According to the heat released by the oxidation reaction of Al and Ni, and the aluminothermic reaction of CuO and MoO₃ [36], and with consideration of the assumptions above, the heat of the complete reactions of the three Ai/Ni-based RMs can be calculated. The results are shown in

Table 4. Complete reaction heat of the three Al/Ni -based RMs.

Materials	QJ (kJ/g)
AN	16.16
ANC	15.44
ANM	15.57

.

In this work, the bullet (Φ10 mm × 10 mm) was fired by a 14.5 mm ballistic gun. Its launching velocity (v) was controlled by changing the mass and the type of propellant powder, and the launching velocity was measured by two copper target coils with 2 m spacing and the time interval for breaking the copper wires (Δt). The test chamber was made of #45 steel. This chamber is a cylindrical chamber with an outer diameter of 300 mm, a length of 380 mm, a wall thickness of 3 mm and an internal capacity (V) of 27 L. The cylindrical impact anvil welded to the bottom of the test chamber, with the size of Φ45 mm × 20 mm, was also made of #45 steel. A 0.5 mm thin steel target plate, which should be replaced after each experiment, was fixed by bolts on the incident surface of the test chamber. The pressure in the test chamber was measured with an air pressure sensor (measuring range: 0–1.0 MPa, accuracy: 1%). Twenty-nine effective experiments were carried out in this work. The experimental equipment is shown in Figure 7.

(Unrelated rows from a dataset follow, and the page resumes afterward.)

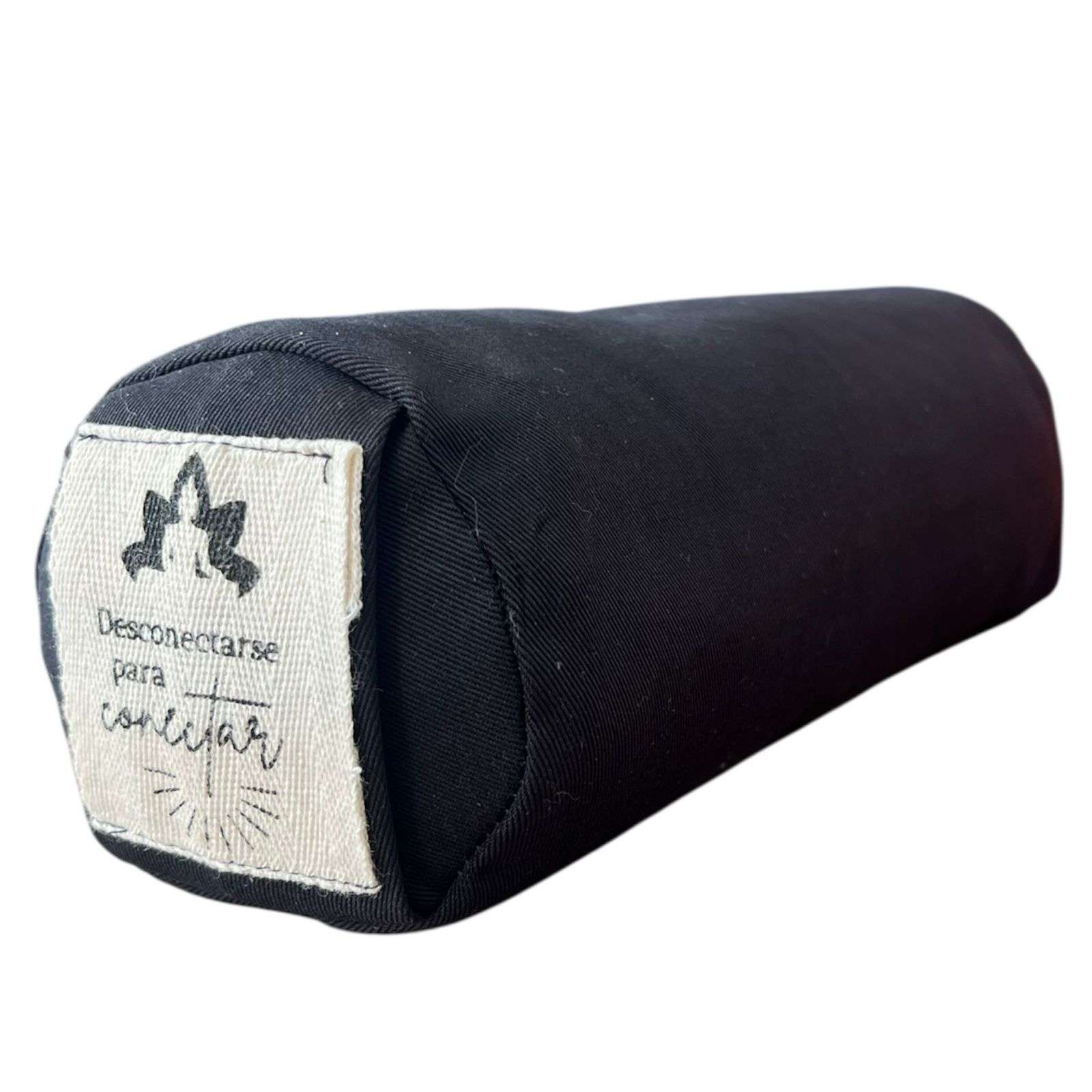 Bolster Pequeño Negro 26x9x9cm. Compacto y estable, ideal para soporte cervical, lumbar y posturas restaurativas en yoga y meditación.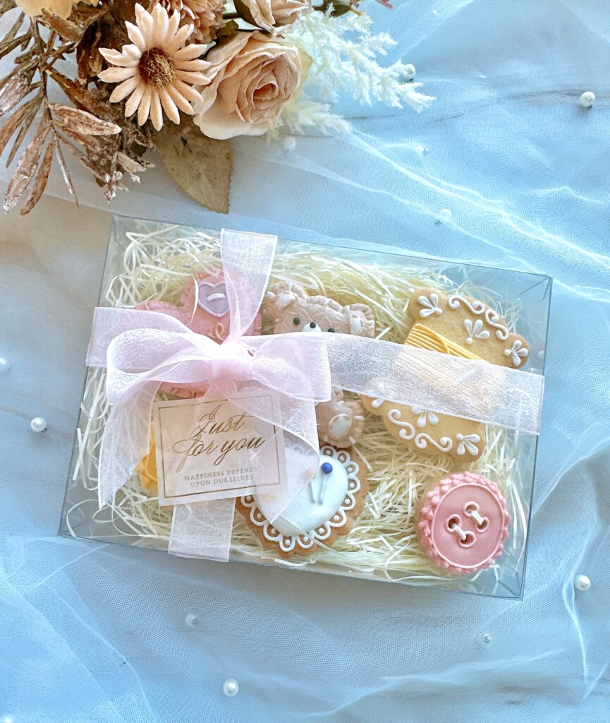アイシングクッキー完成後は、ギフトBOXに入れてリボンを付けてラッピング✨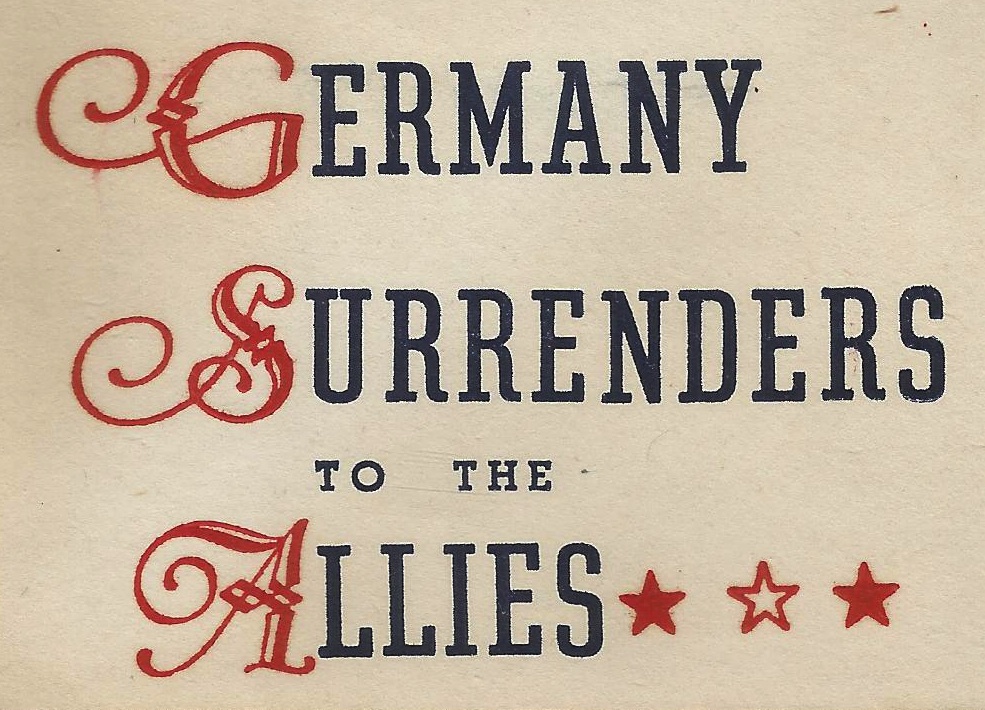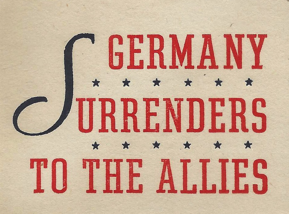 Germany surrenders to the Allies (letters 3mm high) |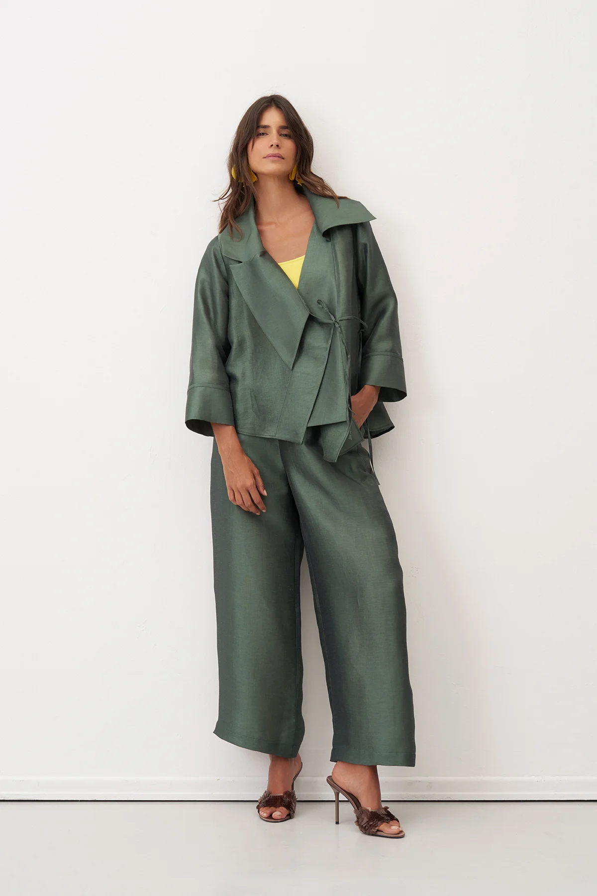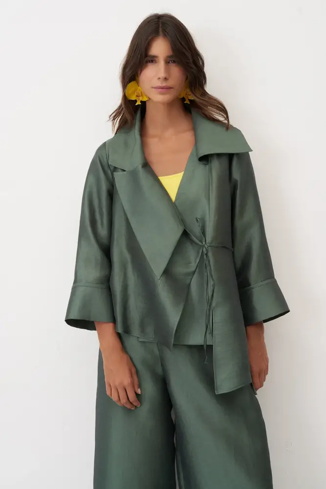 Yeşil Bağlama Detaylı Geniş Yaka Rhodes Ceket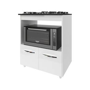 Balcão Armário para Fogão Cooktop 5 Bocas e Forno Elétrico Cozinha Evelyn Mobília Decor Branco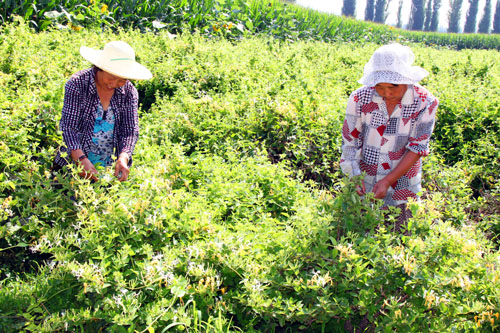 7月28日,原平市桃園村農(nóng)民正在采摘滿地盛開的金銀花,他們高興地說“種的金銀花,如今有錢花。該市積極引導(dǎo)農(nóng)民調(diào)整農(nóng)業(yè)生產(chǎn)結(jié)構(gòu),大力發(fā)展特色高效種植業(yè),促進(jìn)農(nóng)業(yè)增產(chǎn),農(nóng)民增收, 加快了脫貧致富達(dá)小康步伐。(趙春曉 攝)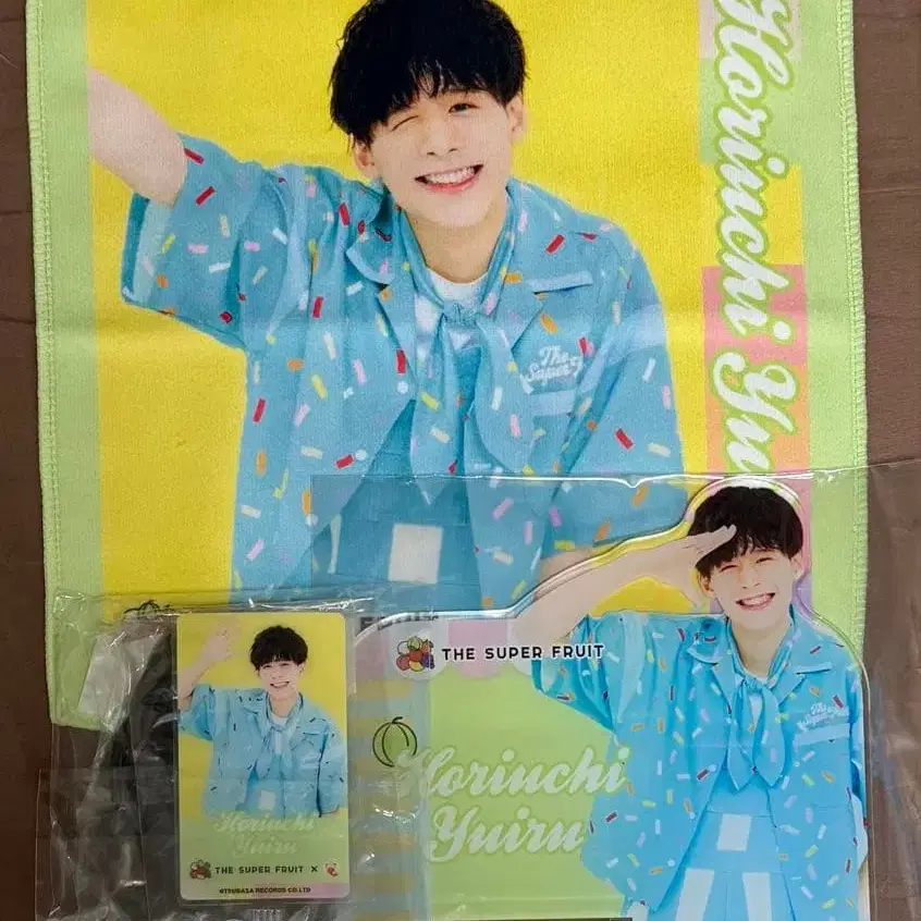 THE SUPER FRUIT 호리우치 유루 군의 기프트 세트입니다. 미니 타월 아크릴 스탠드 스트랩 참 각 1점씩입니다. 미니 타월만 봉투에서 꺼냈지만, 감상용으로 케이스 안에서 보관했습니다.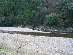 道路沿いに散歩スペースはないが裏手の富田川へ降りれば広い川原あり。流れが緩いため暖かな季節には水遊びも可能だ。 | |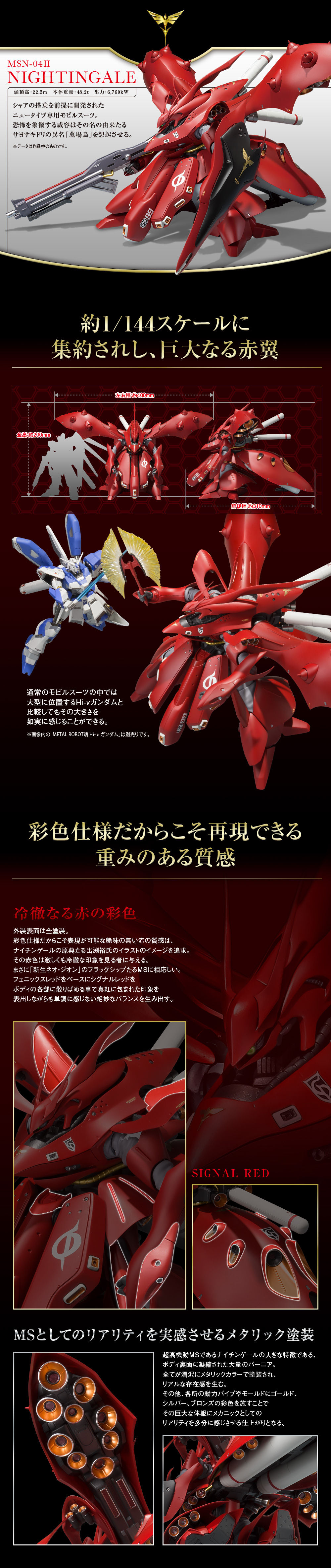 作為沙薩比的強化發展機,夜鶯的體型更為巨大,但機動性可不像外觀那樣遲鈍,全身裝設了大量的高推力推進噴嘴,並掛載共 5 基的大型燃料槽,機動力與續航力大幅提昇。大型的肩部則是取自MA「α‧ 阿吉爾」小型輕量化的產物,上頭搭載了 10 枚感應砲。看似不利近戰,但裙甲中卻藏有和「THE.O」相同的隱藏手臂,能使用光束軍刀奇襲對手,此外還有大型MEGA光束步槍、腹部的擴散MEGA粒子砲、光束戰斧等重火力光束武裝。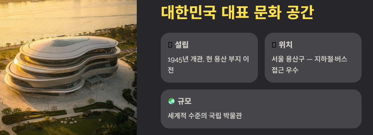 국립중앙박물관은 대한민국을 대표하는 국립 박물관으로 한국 역사와 예술을 종합적으로 보존하고 연구하는 기관이다. 1945년 설립 이후 여러 차례 이전을 거쳐 현재의 용산 부지에 자리 잡았다. 규모 또한 세계적인 수준으로 알려져 있으며, 다양한 문화재와 유물을 체계적으로 전시하고 있다.

The impact release process of the RMs is complicated. The reaction threshold conditions are affected by various factors such as the microstructure and the composition. However, scholars believe that the shock temperature is the key to control the SICR. It is thus assumed that the SICR of the RMs depends on the shock temperature rise, i.e., the material is only sensitive to the heat. The chemical reaction efficiency of the RMs under the impact can be analyzed by the theoretical calculation model proposed by Zhang et al. [24,25], and the process is mainly divided into four steps:

(1) The equation of state for the mixture is calculated by that of single metal. For the RMs with strong energy release behaviors prepared by mixing single metals, it is dangerous and difficult to measure the Hugoniot data using compressive gas gun technology. Therefore, the cold energy mixture theory [24,37] and the Wu-Jing method [38,39] were adopted to calculate the Hugoniot parameters of the porous mixture (c₀ and s). The calculation parameters [37,40] of Al and Ni are listed in

Table 5. Calculation parameters of the EOS for Al/Ni-based RMs [38,41].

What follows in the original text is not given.